*** Data ***

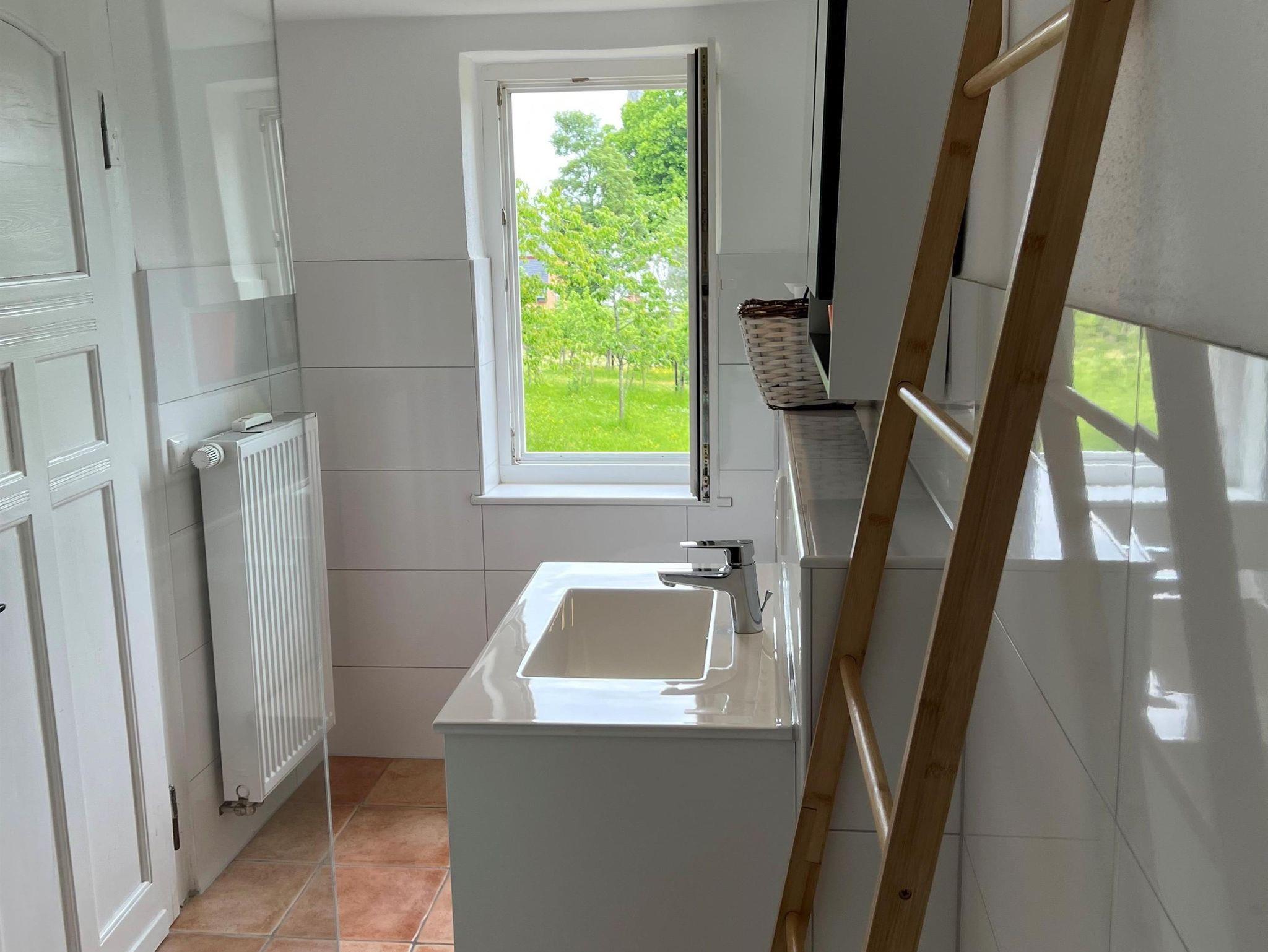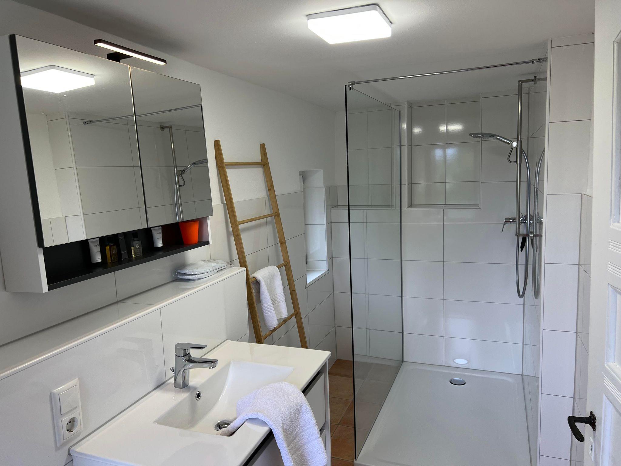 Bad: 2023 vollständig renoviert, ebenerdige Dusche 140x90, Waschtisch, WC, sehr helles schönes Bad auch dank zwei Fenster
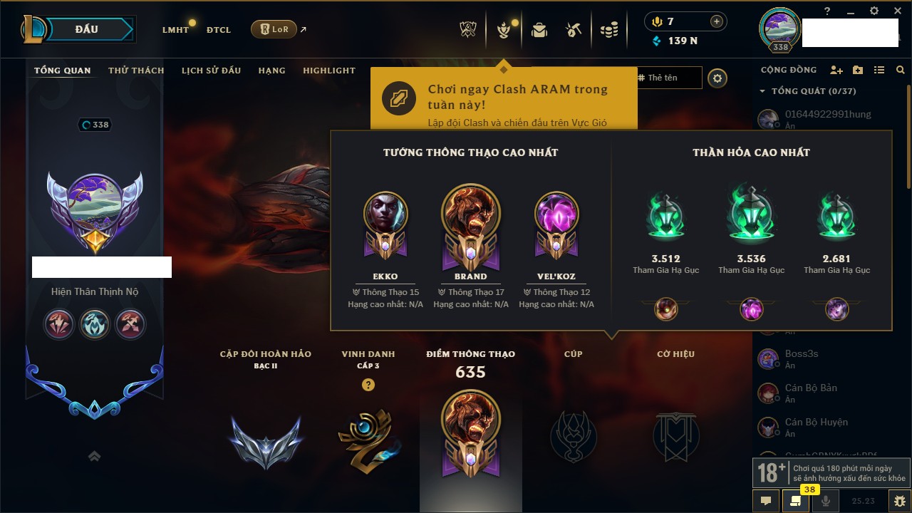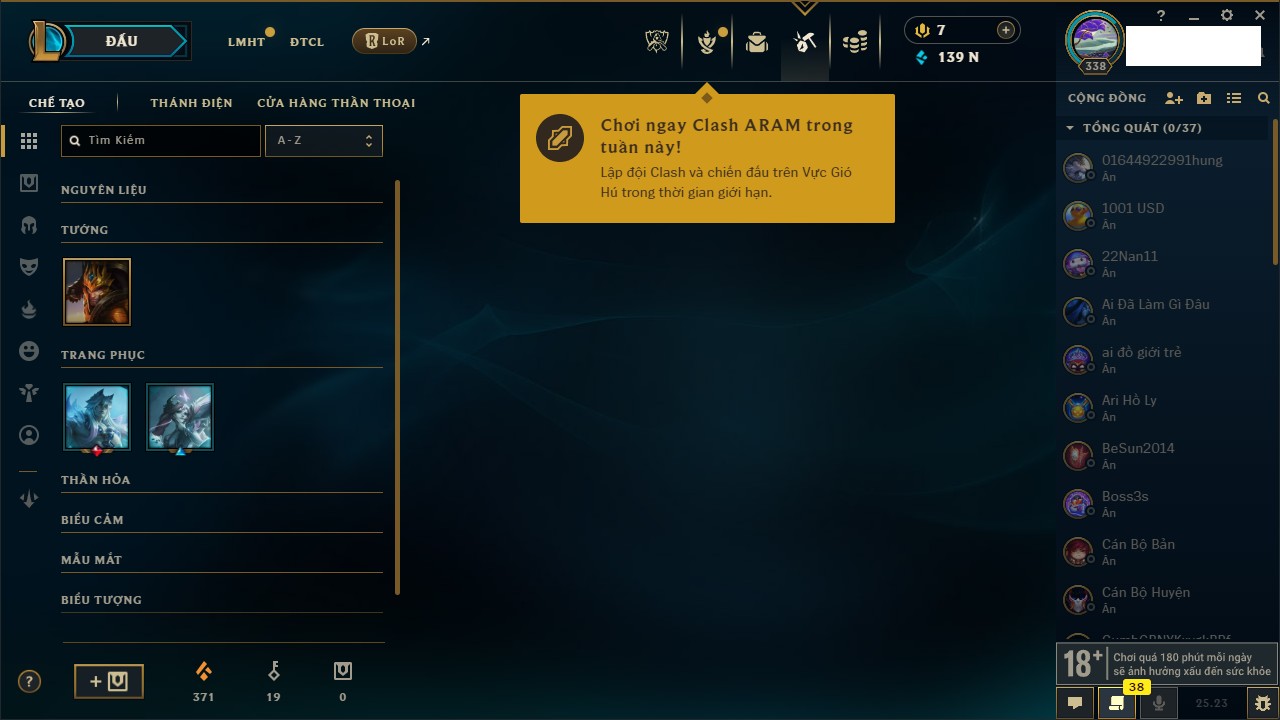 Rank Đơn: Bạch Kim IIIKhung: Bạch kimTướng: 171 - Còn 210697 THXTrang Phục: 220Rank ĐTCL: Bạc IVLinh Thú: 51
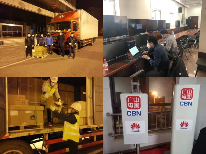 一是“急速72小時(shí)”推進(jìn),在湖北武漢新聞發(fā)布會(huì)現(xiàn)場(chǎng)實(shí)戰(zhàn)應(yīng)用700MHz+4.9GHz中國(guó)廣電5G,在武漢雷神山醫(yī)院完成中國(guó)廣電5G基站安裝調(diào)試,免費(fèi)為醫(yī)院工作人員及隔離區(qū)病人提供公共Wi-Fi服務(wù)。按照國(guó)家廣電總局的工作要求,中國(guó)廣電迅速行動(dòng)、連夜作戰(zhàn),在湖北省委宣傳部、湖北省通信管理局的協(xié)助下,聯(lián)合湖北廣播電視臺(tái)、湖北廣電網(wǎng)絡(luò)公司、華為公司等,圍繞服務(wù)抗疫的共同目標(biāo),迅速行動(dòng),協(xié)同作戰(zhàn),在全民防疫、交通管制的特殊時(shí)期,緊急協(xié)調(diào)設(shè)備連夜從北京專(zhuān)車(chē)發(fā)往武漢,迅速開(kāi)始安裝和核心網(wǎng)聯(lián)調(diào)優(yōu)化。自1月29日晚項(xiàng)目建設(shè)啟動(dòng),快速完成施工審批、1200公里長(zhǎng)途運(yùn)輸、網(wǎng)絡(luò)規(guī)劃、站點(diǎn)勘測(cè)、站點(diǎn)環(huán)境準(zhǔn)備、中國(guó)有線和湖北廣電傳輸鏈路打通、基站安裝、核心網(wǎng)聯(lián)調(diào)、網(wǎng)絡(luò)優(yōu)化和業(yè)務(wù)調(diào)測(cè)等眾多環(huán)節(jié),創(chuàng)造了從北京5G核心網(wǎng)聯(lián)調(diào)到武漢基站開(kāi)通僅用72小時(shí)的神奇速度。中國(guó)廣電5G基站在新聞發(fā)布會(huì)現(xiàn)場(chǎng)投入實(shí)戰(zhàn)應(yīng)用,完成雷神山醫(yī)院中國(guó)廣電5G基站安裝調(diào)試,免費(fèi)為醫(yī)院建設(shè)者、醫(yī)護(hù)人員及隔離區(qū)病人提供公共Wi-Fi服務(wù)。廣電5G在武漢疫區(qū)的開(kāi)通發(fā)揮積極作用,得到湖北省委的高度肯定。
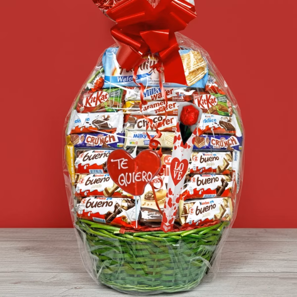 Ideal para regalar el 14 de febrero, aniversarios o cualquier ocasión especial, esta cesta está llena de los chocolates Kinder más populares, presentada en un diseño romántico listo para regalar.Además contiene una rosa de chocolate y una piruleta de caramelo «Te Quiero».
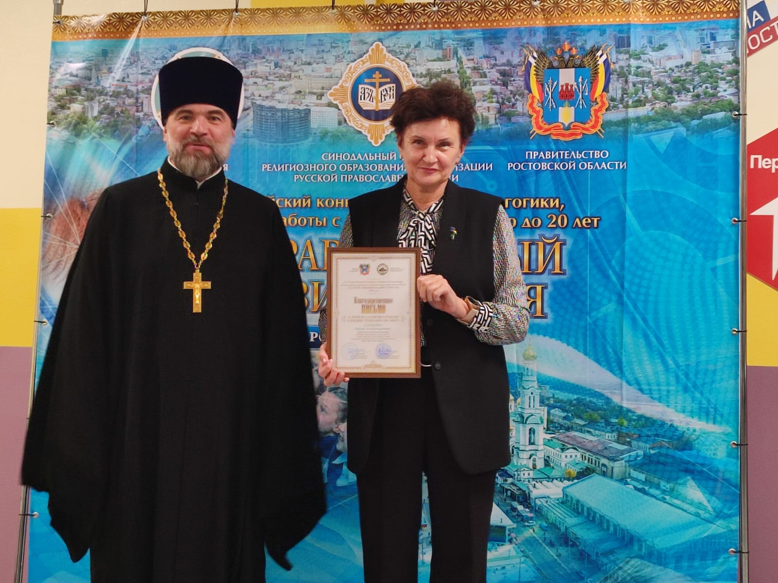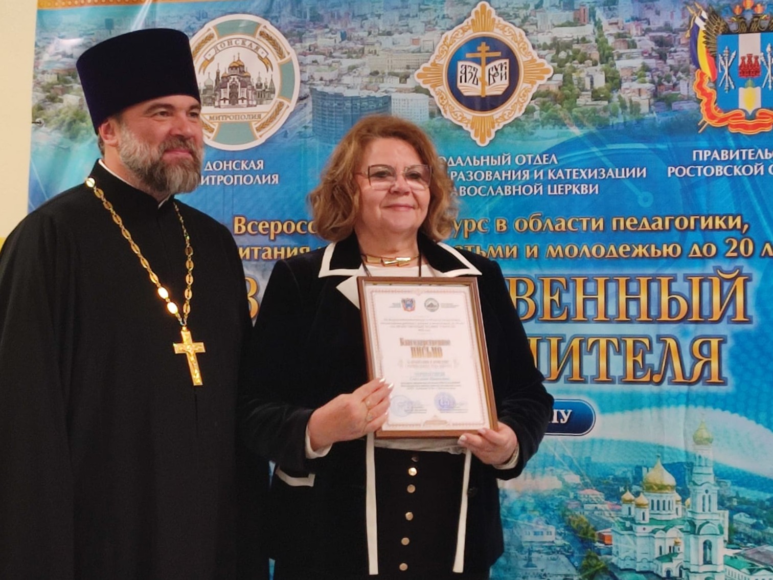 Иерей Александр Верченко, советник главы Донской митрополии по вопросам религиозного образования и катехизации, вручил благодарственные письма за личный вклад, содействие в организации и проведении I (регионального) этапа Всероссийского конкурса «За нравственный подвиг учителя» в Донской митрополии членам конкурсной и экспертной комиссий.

*** End of Data ***

Work request:
The entire listing above, word for word and without pictures, is what should be output.

Completed task:
 Bad: 2023 vollständig renoviert, ebenerdige Dusche 140x90, Waschtisch, WC, sehr helles schönes Bad auch dank zwei Fenster
 Rank Đơn: Bạch Kim IIIKhung: Bạch kimTướng: 171 - Còn 210697 THXTrang Phục: 220Rank ĐTCL: Bạc IVLinh Thú: 51
 一是“急速72小時(shí)”推進(jìn),在湖北武漢新聞發(fā)布會(huì)現(xiàn)場(chǎng)實(shí)戰(zhàn)應(yīng)用700MHz+4.9GHz中國(guó)廣電5G,在武漢雷神山醫(yī)院完成中國(guó)廣電5G基站安裝調(diào)試,免費(fèi)為醫(yī)院工作人員及隔離區(qū)病人提供公共Wi-Fi服務(wù)。按照國(guó)家廣電總局的工作要求,中國(guó)廣電迅速行動(dòng)、連夜作戰(zhàn),在湖北省委宣傳部、湖北省通信管理局的協(xié)助下,聯(lián)合湖北廣播電視臺(tái)、湖北廣電網(wǎng)絡(luò)公司、華為公司等,圍繞服務(wù)抗疫的共同目標(biāo),迅速行動(dòng),協(xié)同作戰(zhàn),在全民防疫、交通管制的特殊時(shí)期,緊急協(xié)調(diào)設(shè)備連夜從北京專(zhuān)車(chē)發(fā)往武漢,迅速開(kāi)始安裝和核心網(wǎng)聯(lián)調(diào)優(yōu)化。自1月29日晚項(xiàng)目建設(shè)啟動(dòng),快速完成施工審批、1200公里長(zhǎng)途運(yùn)輸、網(wǎng)絡(luò)規(guī)劃、站點(diǎn)勘測(cè)、站點(diǎn)環(huán)境準(zhǔn)備、中國(guó)有線和湖北廣電傳輸鏈路打通、基站安裝、核心網(wǎng)聯(lián)調(diào)、網(wǎng)絡(luò)優(yōu)化和業(yè)務(wù)調(diào)測(cè)等眾多環(huán)節(jié),創(chuàng)造了從北京5G核心網(wǎng)聯(lián)調(diào)到武漢基站開(kāi)通僅用72小時(shí)的神奇速度。中國(guó)廣電5G基站在新聞發(fā)布會(huì)現(xiàn)場(chǎng)投入實(shí)戰(zhàn)應(yīng)用,完成雷神山醫(yī)院中國(guó)廣電5G基站安裝調(diào)試,免費(fèi)為醫(yī)院建設(shè)者、醫(yī)護(hù)人員及隔離區(qū)病人提供公共Wi-Fi服務(wù)。廣電5G在武漢疫區(qū)的開(kāi)通發(fā)揮積極作用,得到湖北省委的高度肯定。
 Ideal para regalar el 14 de febrero, aniversarios o cualquier ocasión especial, esta cesta está llena de los chocolates Kinder más populares, presentada en un diseño romántico listo para regalar.Además contiene una rosa de chocolate y una piruleta de caramelo «Te Quiero».
 Иерей Александр Верченко, советник главы Донской митрополии по вопросам религиозного образования и катехизации, вручил благодарственные письма за личный вклад, содействие в организации и проведении I (регионального) этапа Всероссийского конкурса «За нравственный подвиг учителя» в Донской митрополии членам конкурсной и экспертной комиссий.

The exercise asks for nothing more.